Eating something that won’t cause you to die young is another good idea. More on food in another post.
Focusing mind and spirit on what’s good and true feeds our work as tangibly as our bowl of granola. As a Christian, I read a few pages of the Bible and then some other good book. Ann Voskamp’s “Broken Way” is my latest favorite. This is the best time of the day for me, taking in energy before the demands of the day kick in.
Goals for the Middle:
Everyone needs to walk the line between legalism and aimlessness when it comes to schedules. I hate routine, but without a list for the week and then a list for the day, I will literally stand in the middle of the room and pivot in circles – at home there is something to do everywhere you look.
Some people use fancy apps, some people put sticky notes on the wall, but the challenge is to pick a system and work it. Some need this to do enough work, others need it to make themselves stop.
Many professionals who work remotely tend to work themselves into the ground, equating hours put in with competence and success. Actually, after less than fifty hours a week, the returns sharply diminish. For years I set myself up for discouragement with lists that were just too long. That was dumb. Now I write lists I can finish and I feel like a rock star.

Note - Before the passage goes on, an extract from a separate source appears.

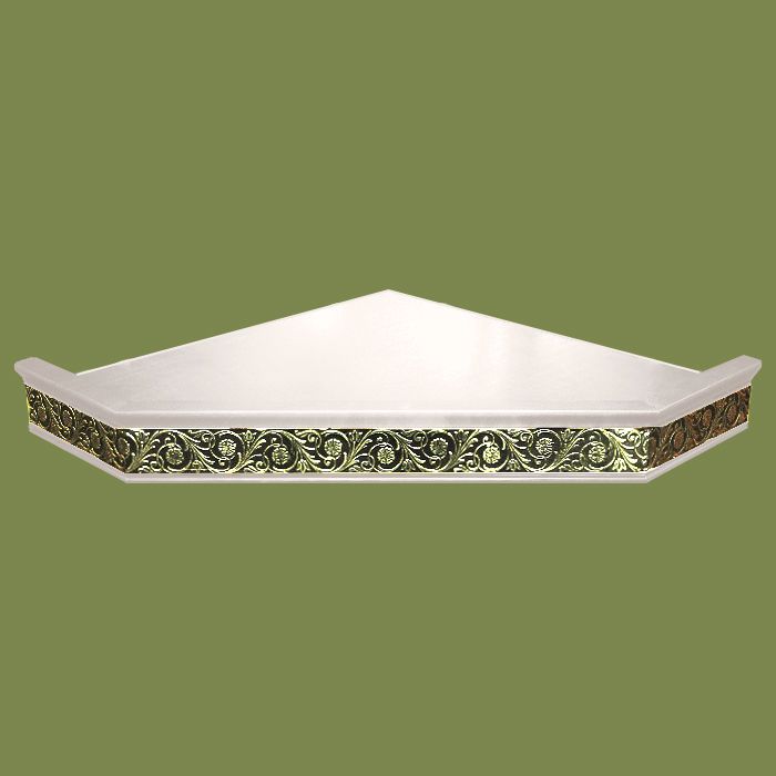 Полка для икон 1 ярусная с басмой, угловая, белая, 63х44см

An Ending you can Live With:
I know a writer who finishes each day by reading out loud to his wife. Way to go, Mitch. An actress I tour with catches up with friends online till she starts to nod off. Another friend likes to play Spider Solitaire, whatever that is. She told me the other day she thinks she should be reading at night instead. I disagreed. I think we need to be able to look forward to doing whatever we want to do at the end of the day, provided that’s not injecting heroin, or eating 30 Twinkies – you know, something not destructive.
If my solitaire-loving friend thinks she should read more, then that is a discipline to be added to the work list, not something she should make herself do when she finally has a few minutes for herself.
Finally, as we close the book on the day, it really helps to review what we accomplished and what we’re grateful for. Those are great thoughts to sleep on.